Frank Desena, 55, of Wayne, was playing at Straddle, an underground club on the seventh floor of an office building at 251 Fifth Ave., around 11:15 p.m. Friday when three black-clad, ski-masked robbers invaded and killed him by accident, said witnesses.
The robbers - who displayed a flair for drama by calling each other "One," "Two" and "Three" - "walked in and screamed, 'Everyone get down on the f- - -ing floor!' " a player recounted.
The hoods ordered the players to put their cash on the tables and lie on the floor. They also beat the room's cashier to make sure he handed over all the house's money, said witnesses.
Suddenly, one of the robbers dropped his sawed-off shotgun. As he picked it up from the floor, the gun fired, mortally wounding Desena in the torso, two witnesses said.
"Everybody in the room is a bunch of hard-asses," said a player. "So everyone was pretty calm until the guy got shot."
After the shooting, the robbers gathered up their cash and fled. A police source estimated the haul at over $100,000.

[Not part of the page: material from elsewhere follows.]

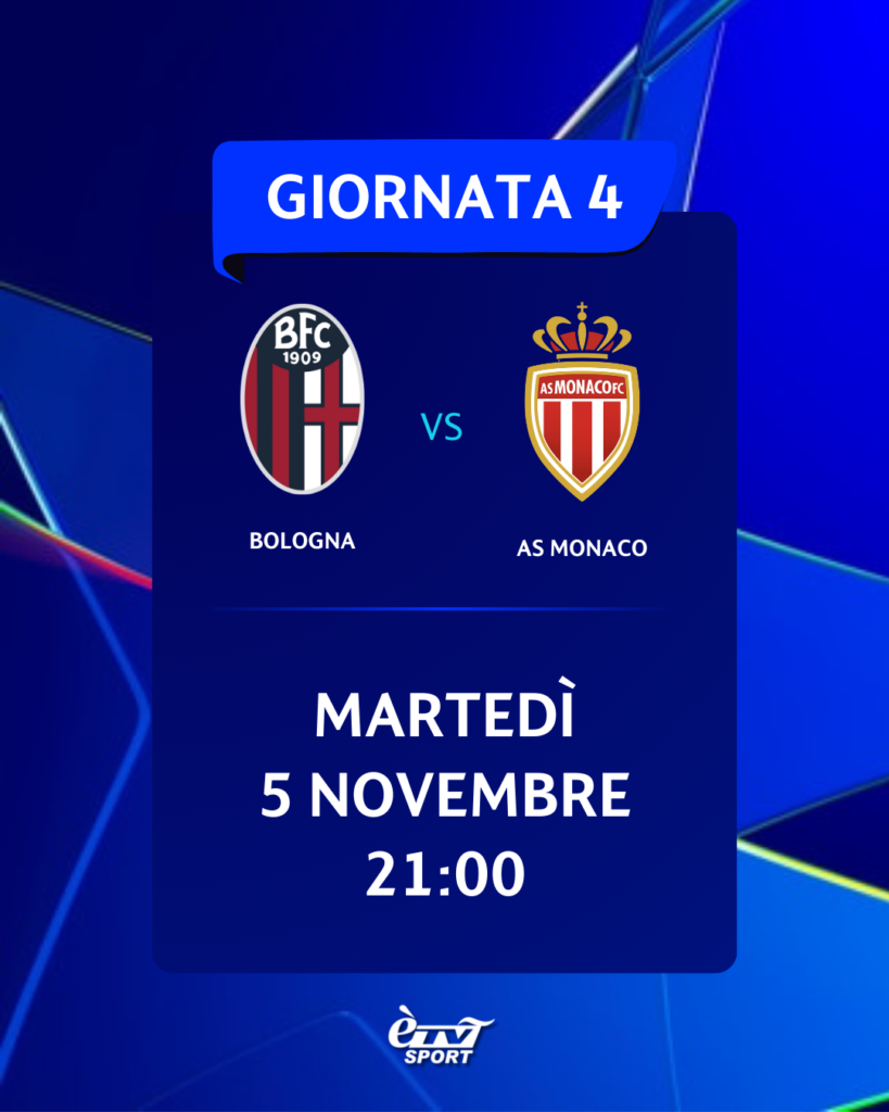 • 4° giornata, BOLOGNA-MONACO, martedì 5/11 ore 21;

Desena died just before midnight at St. Vincent's Hospital. A neighbor said he was an instructor at the Stevens Institute in Hoboken who took good care of his wife and daughter, and who often invited neighbors to his home to watch Yankee games or the Super Bowl.
The poker room, which one patron said had about a dozen tables, opened within the last 10 days. Its operators had at least one other club, also called Straddle, that was shut down by police several months ago after another robbery, said customers.
To get in, players either had to be known to its operators or offer references, patrons said. Straddle's clientele was "your local bank tellers, kids you go to college with, lawyers," said a female gambler who was disappointed to find the place shuttered yesterday.
One witness said that in the hours before the robbery, the players included comedian and actor Michael Ian Black, who has guest-hosted the "Late Late Show" on CBS and appeared in the "Reno 911" series on Comedy Central. Black is a well-known poker player. He could not be reached yesterday.
Poker was all that went on at the club - its owners didn't even allow alcohol, the woman said. "It's a totally friendly atmosphere," she said. "Everybody knows each other. It's like your freaking book clubs."